KUWAIT (Reuters) - Hundreds of Shi'ite and Sunni Muslims prayed for national unity at Kuwait's grand mosque on Friday, vowing to block any attempt to stir sectarian division a week after an Islamic State staged the country's deadliest militant attack.
The Sunni group, which sees Shi'ites as heretics and wants to expel them from the Arabian peninsula, claimed responsibility for a June 26 suicide bombing on a Shi'ite mosque in Kuwait City that killed 27 and wounded more than 200.
Shi'ite member of parliament Adnan Abdulsamad told Reuters Islamic State were "fools" for thinking they could destabilize Kuwait and the attack had only made Kuwaitis more determined to promote solidarity.

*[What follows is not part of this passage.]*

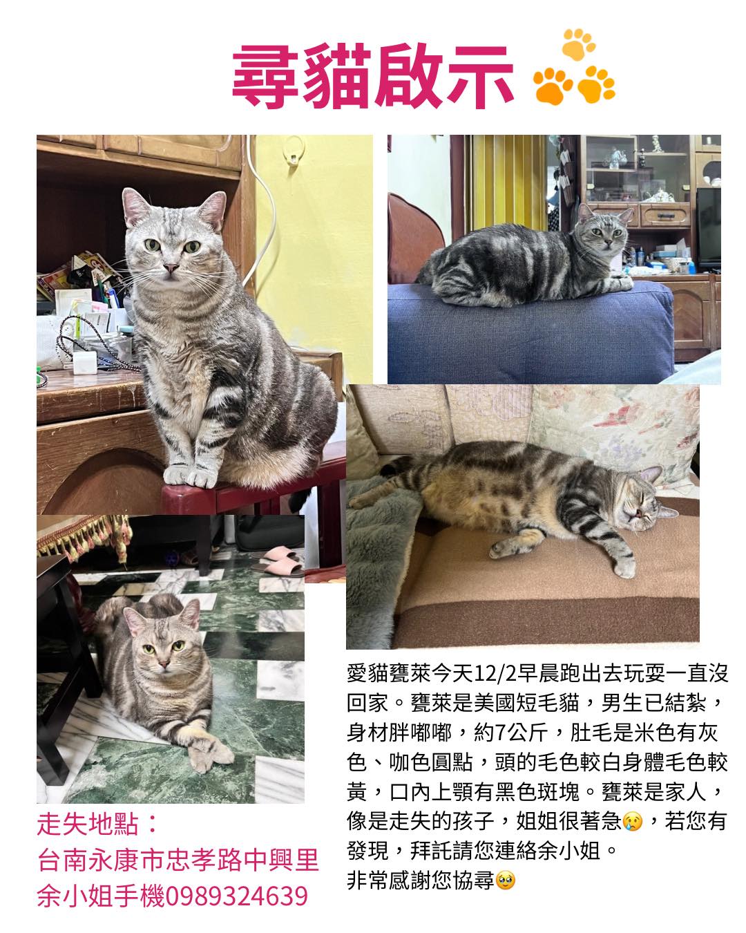 【尋找美國短毛貓~甕萊 地點 台南市永康區】

"This prayer is a prayer of unity," he said. "This heinous crime only brings us further strength and tolerance. Thank God it made our enemies fools. Were they under the illusion that with this crime they would create discord?"

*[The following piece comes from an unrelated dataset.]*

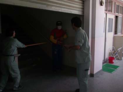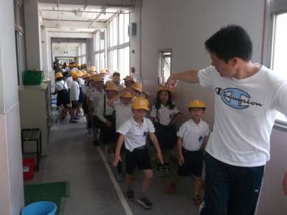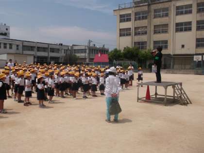 不審者を想定した避難訓練を行いました。不審者が外部から侵入して大声を出す中、「今から学級集会を行います。児童の皆さんは教室へ戻りましょう。」という校内放送で子どもたちが各教室内に避難。各担任が廊下で子どもたちを守り、“さすまた”を持った管理作業員さんたちが現場に直行—無事不審者を取り押さえました。その後運動場に移動し、警察の方から“危険な目に合わないための約束”のお話を聞きました。

Although a strategic minnow, Kuwait is an oil power and a supporter of U.S.-backed efforts to fight Islamic State, providing intelligence, funding and the use of airfields for a Western-Arab coalition fighting the hardline militants.
Relations have traditionally been good between the 70 percent of Kuwait's 1.4 million citizens who are Sunni and the Shi'ites who make up 30 percent, but regional rivalry between Sunni Saudi Arabia and Shi'ite Iran has caused some strains.

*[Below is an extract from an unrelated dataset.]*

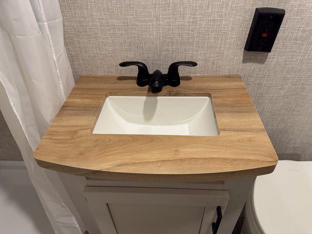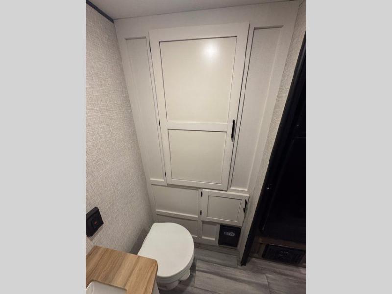 The full rear bathroom includes a foot-flush toilet, powered bath vent, and a dedicated bath wardrobe for towels and toiletries, giving you the comfort of home while traveling.

"Keep our nation safe and protect us from sedition," said Sunni imam Waleed al Ali, reciting a prayer for a congregation that included the emir Sheikh Sabah al-Ahmed al Sabah.
Kuwait has detained 90 people in connection with the bombing, closed a charity for alleged militant ties in raising funds for Syrians and its parliament passed a law making it mandatory that authorities keep a record of all residents' DNA.
Kuwait's interior minister said on Tuesday the Gulf Arab country was at war with Islamist militants and would strike out at cells still believed to be on its soil.
The attack was carried out by a Fahd Suliman Abdul-Muhsen al-Qabaa, a man in his early 20s from Saudi Arabia, where Sunnis form the vast majority and showed Islamic State making good on a threat to step up violence in the holy fasting month of Ramadan.